» YOUR INSTRUCTIONS
Set down again, exactly and only, the lines from the one that contains "学校のふくしを探した結果をスライドにまとめて、グループで発表しました。" through the last line of the records below, both included, but not the pictures.

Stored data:
BEGIN

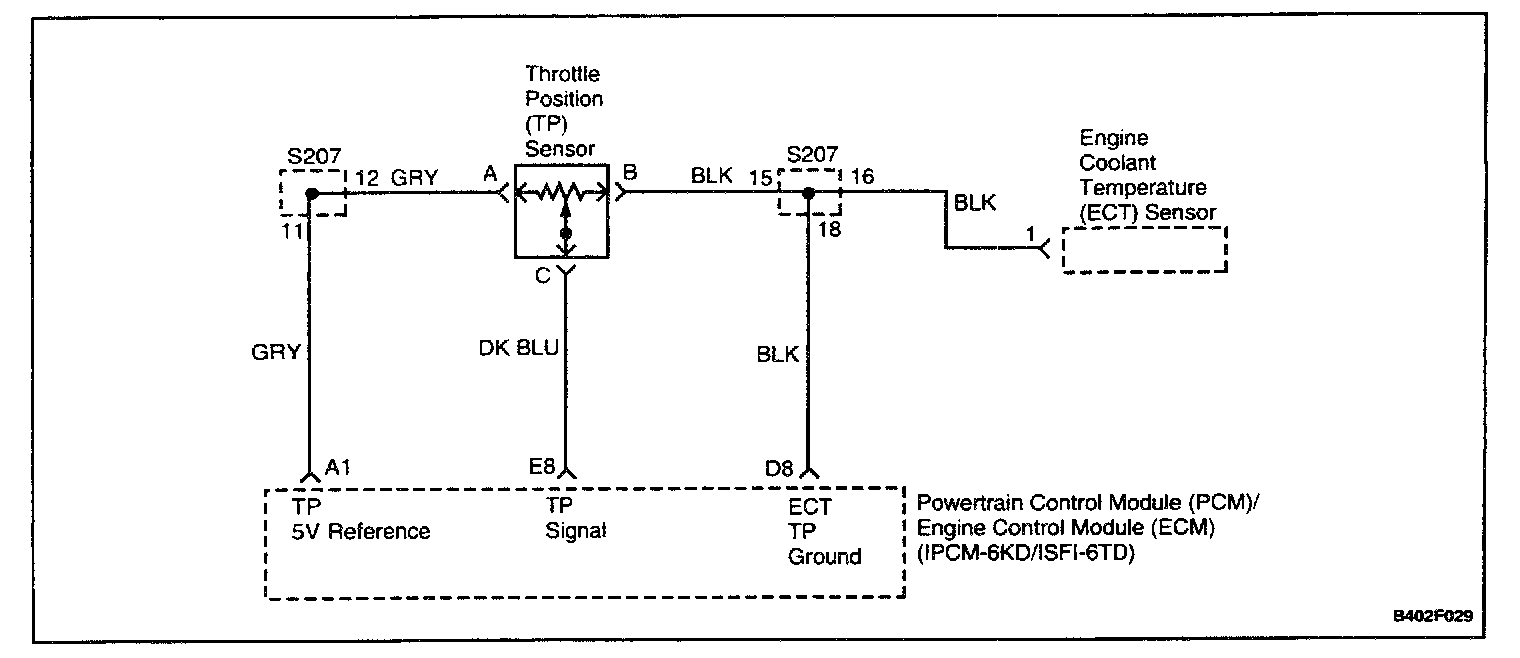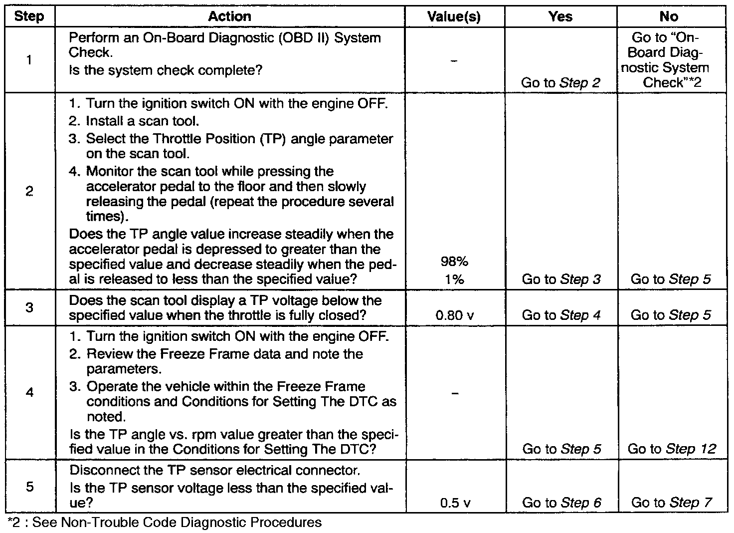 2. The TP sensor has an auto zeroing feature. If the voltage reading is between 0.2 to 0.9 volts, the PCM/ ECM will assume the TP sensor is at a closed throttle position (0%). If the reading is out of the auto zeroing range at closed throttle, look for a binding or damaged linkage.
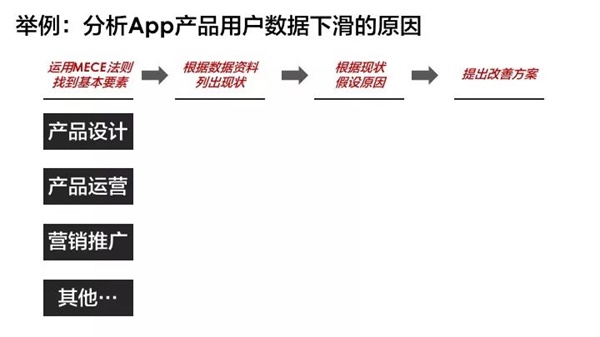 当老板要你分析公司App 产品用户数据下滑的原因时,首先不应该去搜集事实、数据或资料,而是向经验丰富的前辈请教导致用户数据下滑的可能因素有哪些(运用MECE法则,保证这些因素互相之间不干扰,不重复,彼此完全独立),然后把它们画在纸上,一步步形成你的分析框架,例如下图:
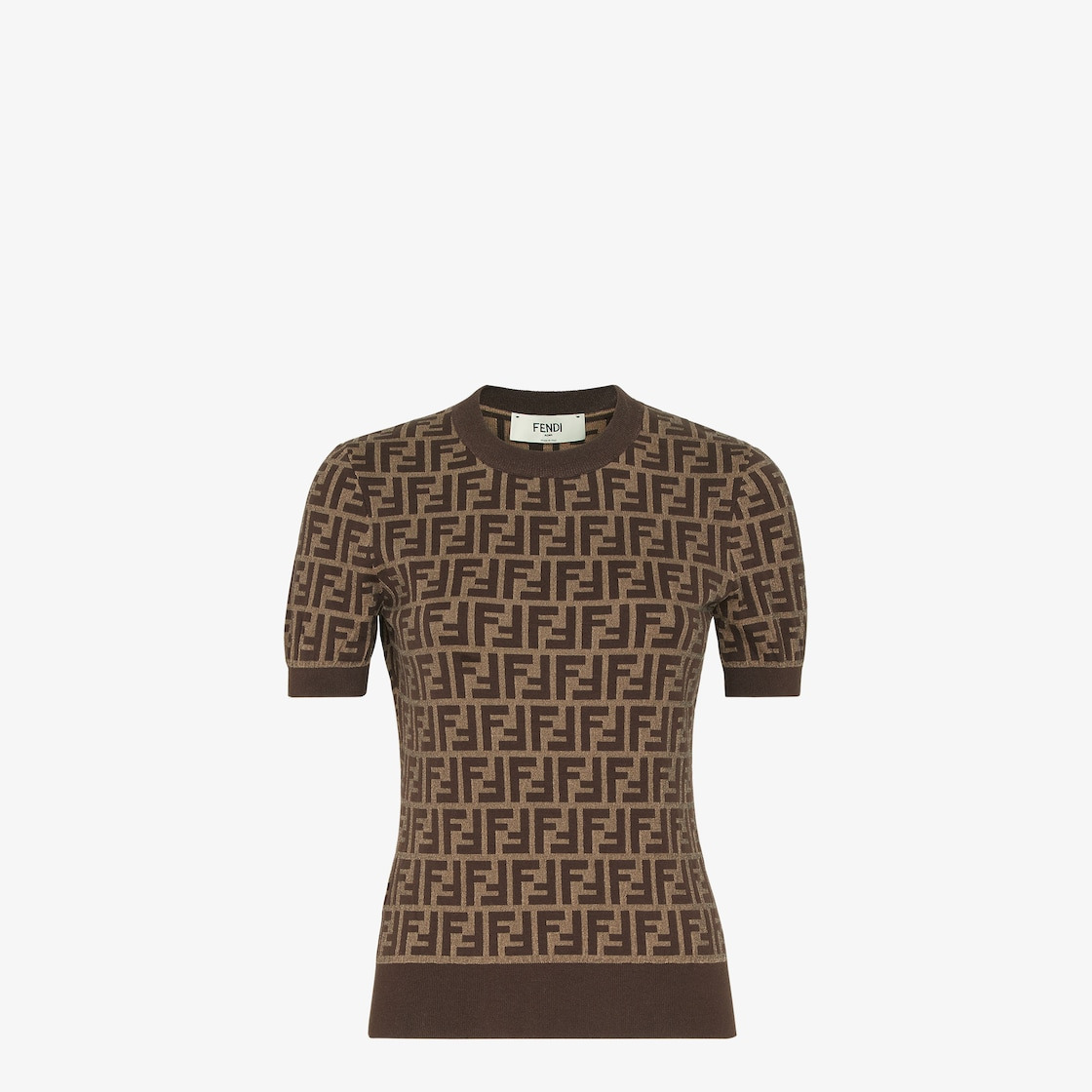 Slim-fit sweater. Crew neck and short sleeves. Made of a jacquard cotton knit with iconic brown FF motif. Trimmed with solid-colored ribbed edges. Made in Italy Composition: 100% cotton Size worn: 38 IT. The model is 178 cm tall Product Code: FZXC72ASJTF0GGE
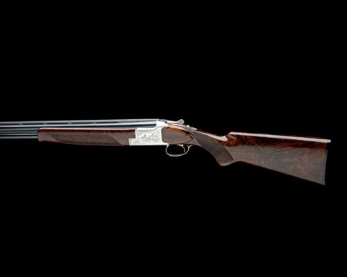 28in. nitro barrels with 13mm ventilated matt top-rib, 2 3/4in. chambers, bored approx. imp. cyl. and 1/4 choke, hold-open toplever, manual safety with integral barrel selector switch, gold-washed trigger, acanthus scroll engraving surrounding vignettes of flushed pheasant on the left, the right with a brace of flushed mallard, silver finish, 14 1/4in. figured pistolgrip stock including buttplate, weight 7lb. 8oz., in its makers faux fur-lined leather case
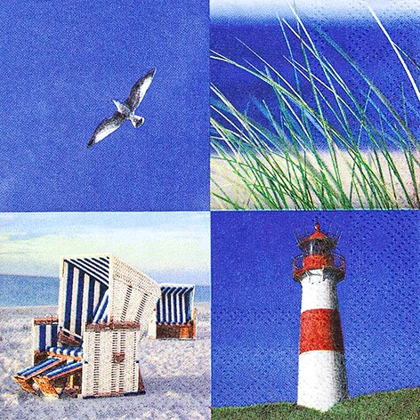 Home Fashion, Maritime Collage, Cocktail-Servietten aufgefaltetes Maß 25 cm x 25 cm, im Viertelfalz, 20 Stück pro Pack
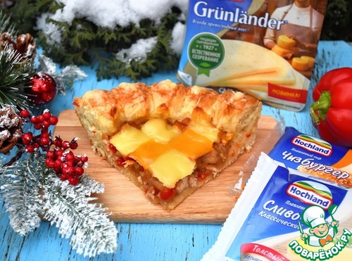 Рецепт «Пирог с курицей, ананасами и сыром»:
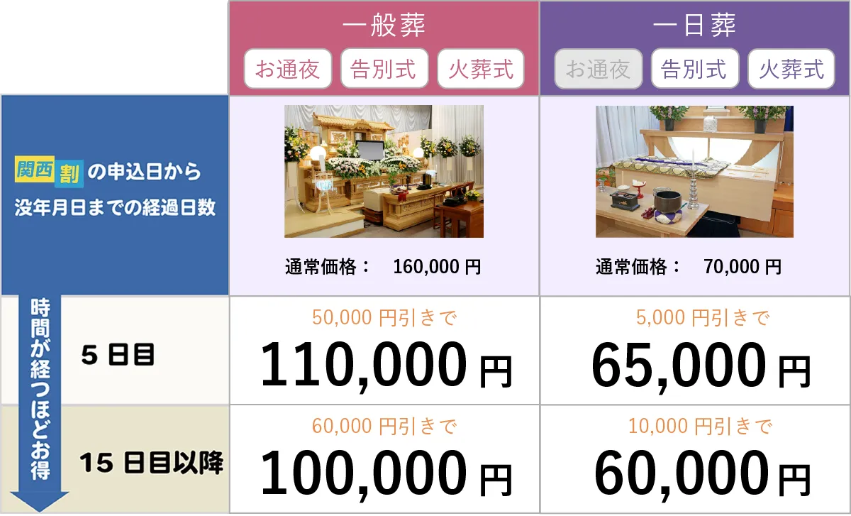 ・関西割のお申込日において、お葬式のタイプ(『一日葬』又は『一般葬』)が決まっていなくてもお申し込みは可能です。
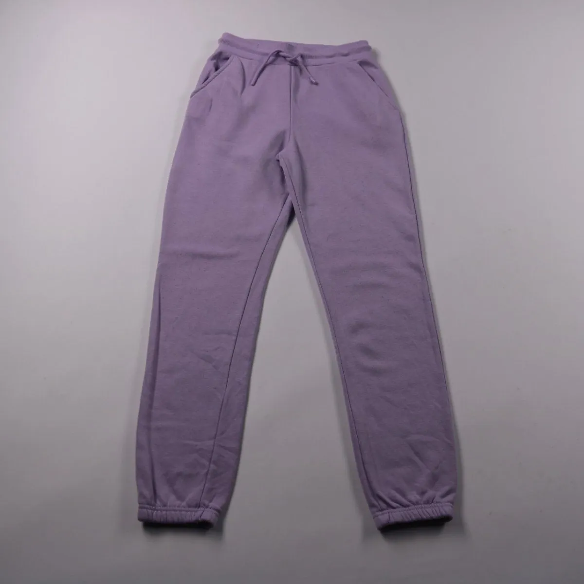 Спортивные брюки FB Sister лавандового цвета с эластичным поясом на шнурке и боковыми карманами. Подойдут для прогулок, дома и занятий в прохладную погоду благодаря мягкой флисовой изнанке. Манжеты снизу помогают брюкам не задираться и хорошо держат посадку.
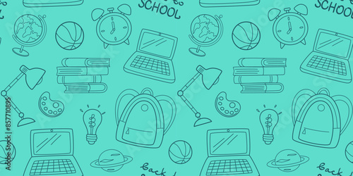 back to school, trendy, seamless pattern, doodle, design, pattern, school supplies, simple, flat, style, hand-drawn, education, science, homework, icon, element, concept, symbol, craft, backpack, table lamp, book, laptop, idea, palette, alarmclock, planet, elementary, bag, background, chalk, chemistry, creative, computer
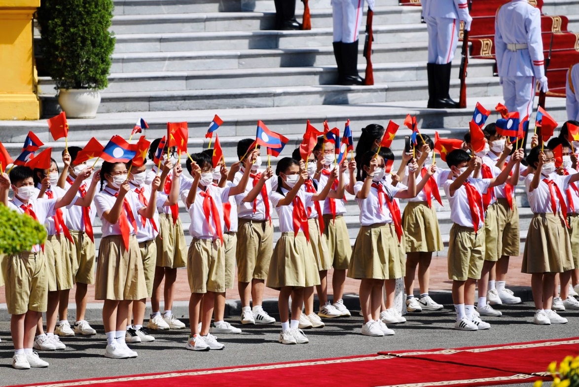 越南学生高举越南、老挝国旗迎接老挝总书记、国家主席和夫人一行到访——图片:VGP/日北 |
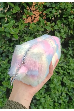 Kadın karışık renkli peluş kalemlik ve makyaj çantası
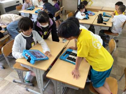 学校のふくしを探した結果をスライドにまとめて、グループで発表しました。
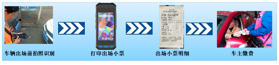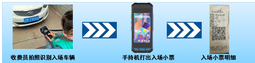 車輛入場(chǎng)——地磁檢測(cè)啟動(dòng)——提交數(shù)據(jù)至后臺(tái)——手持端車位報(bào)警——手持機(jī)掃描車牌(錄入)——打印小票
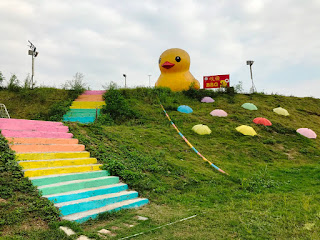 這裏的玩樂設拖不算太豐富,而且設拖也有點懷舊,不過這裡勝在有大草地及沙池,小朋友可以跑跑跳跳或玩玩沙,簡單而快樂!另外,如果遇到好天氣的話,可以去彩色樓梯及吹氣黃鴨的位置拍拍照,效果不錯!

END

» ANSWER FOR THIS EXERCISE
 学校のふくしを探した結果をスライドにまとめて、グループで発表しました。
 車輛入場(chǎng)——地磁檢測(cè)啟動(dòng)——提交數(shù)據(jù)至后臺(tái)——手持端車位報(bào)警——手持機(jī)掃描車牌(錄入)——打印小票
 這裏的玩樂設拖不算太豐富,而且設拖也有點懷舊,不過這裡勝在有大草地及沙池,小朋友可以跑跑跳跳或玩玩沙,簡單而快樂!另外,如果遇到好天氣的話,可以去彩色樓梯及吹氣黃鴨的位置拍拍照,效果不錯!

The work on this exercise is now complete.